List[Dict[str, Any]]

Raises:
  • EnvironmentError – If the SerpAPI key is not available.

  • ImportError – If the google-search-results package is not installed. Install with: pip install google-search-results

  • RuntimeError – If the SerpAPI request fails.

Examples

>>> results = search_orc_literature(
...     query="Ricci curvature graph networks",
...     num_results=5,
...     serpapi_key="your-key-here",
... )
>>> for r in results:
...     print(r["title"])
orc_bound.utils.search.search_general(query: str, num_results: int = 10, serpapi_key: str | None = None, engine: str = 'google') List[Dict[str, Any]][source]

General web search via SerpAPI.

Parameters:
  • query (str) – Search query.

  • num_results (int, default=10) – Number of results (max 100).

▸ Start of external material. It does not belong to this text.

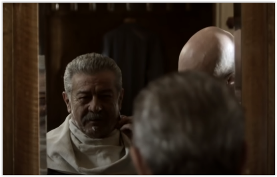 Россия, 2011 г. Режиссёр: Алексей Мурадов В главных ролях: Александр Балуев, Елена Яковлева, Ирина Розанова и др. Серия 2. Цирюльник бреет Сталина. Ссылка с привязкой ко времени: Смотреть с 6 м. 21 с. Серия 3 Бритвы режут полотенце для перевязок. Ссылка с привязкой ко времени: Смотреть с 42 м. 05 с.

  • serpapi_key (str or None) – SerpAPI key. If None, reads from SERPAPI_KEY env var.

  • engine (str, default="google") – Search engine: "google", "bing", "duckduckgo", etc.

Returns:

List of results with title, link, and snippet.

Return type:

List[Dict[str, Any]]

Examples

>>> results = search_general(
...     "residual shell Ricci curvature graph",
...     num_results=5,
...     serpapi_key="your-key-here",
... )

Parameter Reference

Parameter

Default

Description

graph

Input NetworkX graph. Must be unweighted.

num_nodes

Number of nodes. Must equal len(graph.nodes()).

k

1

Number of random walk steps (k-hop neighborhood). Higher k gives more global measure.

alpha_lazy

0.0

Lazy mixing parameter in [0, 1]. 0 = pure random walk; 1 = trivial delta measure.

l_shell

3

Maximum shell distance for bucket matching. Effective value is min(l_shell, 2*k+1).

rbar_mode

"local-max"

Residual distance mode: "local-max" or "global".

tol

1e-12

Pruning threshold. Masses below this are ignored.

symmetric

False

If True, populate both (u,v) and (v,u) entries.

n_jobs

None

Number of parallel workers. None/0 = all cores; -1 = all minus one.